Control UI agents tools panel

  • The Control UI /agents Tools panel has two separate views:
    • Available Right Now uses tools.effective(sessionKey=...) and shows what the current session can actually use at runtime, including core, plugin, and channel-owned tools.
    • Tool Configuration uses tools.catalog and stays focused on profiles, overrides, and catalog semantics.
  • Runtime availability is session-scoped.

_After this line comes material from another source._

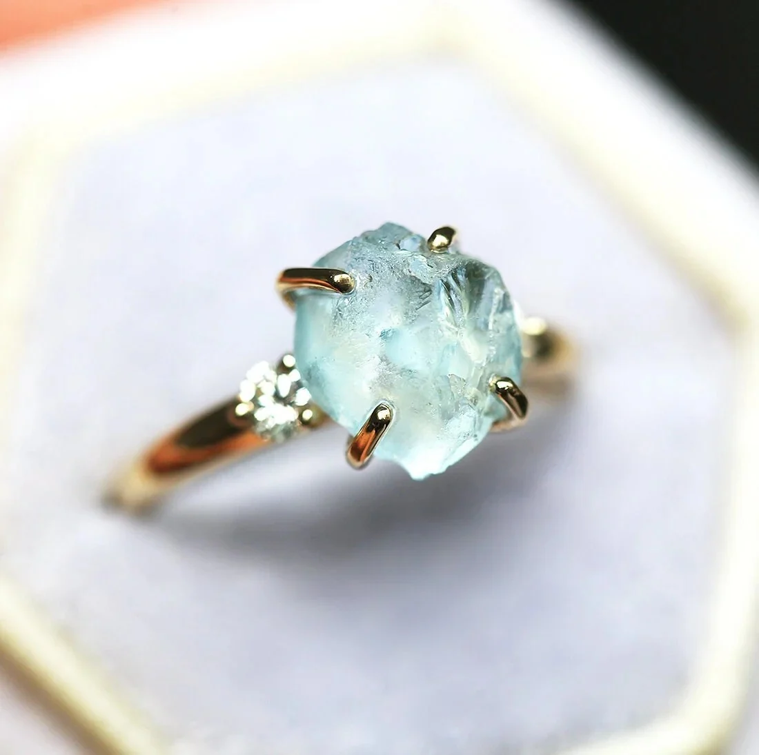 Simply beautiful. The use of the Raw gemstone is emphasised by the diamonds on the sides, creating a down-to-earth piece that can impress whoever sees it.

Switching sessions on the same agent can change the Available Right Now list.
  • The config editor does not imply runtime availability; effective access still follows policy precedence (allow/deny, per-agent and provider/channel overrides).

Remote use

  • Remote mode tunnels the gateway WebSocket over SSH/Tailscale.
  • You do not need to run a separate WebChat server.

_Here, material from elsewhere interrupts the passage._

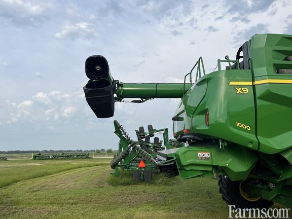 AVAILABLE SUMMER, JOHN DEERE X9 1000 COMBINE, 2025, 2 speed POWER REAR WHEEL DRIVE, JD 13.6 LITER, 6 cylinder diesel engine, 550HP, 604hp during unloading power boost, 110V coolant heater, Ultimate cab, Signature Edition, ultimate visibility, ultimate suspension and ultimate technology, JDLink MTG, Active II leather heated air suspension seat, leather buddy seat, HVAC, Climatrac automatic cab temp controls, E/H header and separator controls, premium header controls, 3 position header height resume, reel resume, dial-a- speed, active header float & height sensing, 6.5" touch screen AM/FM XM ready radio, refrigerator, LED lighting and extremity lights, LED beacon lights, 3 cameras, fire extinguisher package, dual G5 Plus CommandCenter 12.8" displays with permanent licenses for AutoTrac steering, RowSense, Data Sync, Over Air updates & Remote Display Access, renewable G5 Advanced license for Turn Automation, AutoPath, Data Share & Machine Sync ready, includes Starfire SF-1 ready global position receiver (accuracy subscriptions required), combine advisor package, ActiveYield plus moisture & yield sensors, active terrain adjust, Vision Trak, interactive touch set combine adjustments, ProDrive XL transmission (25 mph) w/Harvest smart, contour master variable speed feeder house w/reverser, 3.5" lift cylinders, dual tilt cylinders, hydraulic fore & aft tilt, ONLY compatible with 2021 and newer front end equipment, dust extraction system, DUAL Tristream extended wear rotors with Kondex Revolution extended wear round bar concaves, extended wear grain handling system, Dyna-flo XL plus deep tooth touch set chaffer and sieve, clean grain auger & fan bottom shields, 420 bu grain tank plus Demco tank extension, power folding tank covers, extra full grain tank sensor, 31' extended wear power folding unloading auger, adjustable auger spout, wide spread 2 speed fine cut chopper, advanced PowerCast tailboard with wind compensation & in cab controls, complete 36" rubber track drive system, Firestone VF750/65R26 R-1W steering tires. FULL JD FACTORY WARRANTY UNTIL 08-23-2026. JD EXTENDED ENGINE/POWERTRAIN WARRANTY UNTIL 08-22-2028 OR 1,500 HOURS ($500 deductible).

Configuration reference (WebChat)

Full configuration: Configuration

WebChat options:

  • gateway.webchat.chatHistoryMaxChars: maximum character count for text fields in chat.history responses. When a transcript entry exceeds this limit, Gateway truncates long text fields and may replace oversized messages with a placeholder. Per-request maxChars can also be sent by the client to override this default for a single chat.history call.

Related global options:

  • gateway.port, gateway.bind: WebSocket host/port.
  • gateway.auth.mode, gateway.auth.token, gateway.auth.password: shared-secret WebSocket auth.
  • gateway.auth.allowTailscale: browser Control UI chat tab can use Tailscale Serve identity headers when enabled.
  • gateway.auth.mode: "trusted-proxy": reverse-proxy auth for browser clients behind an identity-aware non-loopback proxy source (see Trusted Proxy Auth).
  • gateway.remote.url, gateway.remote.token, gateway.remote.password: remote gateway target.
  • session.*: session storage and main key defaults.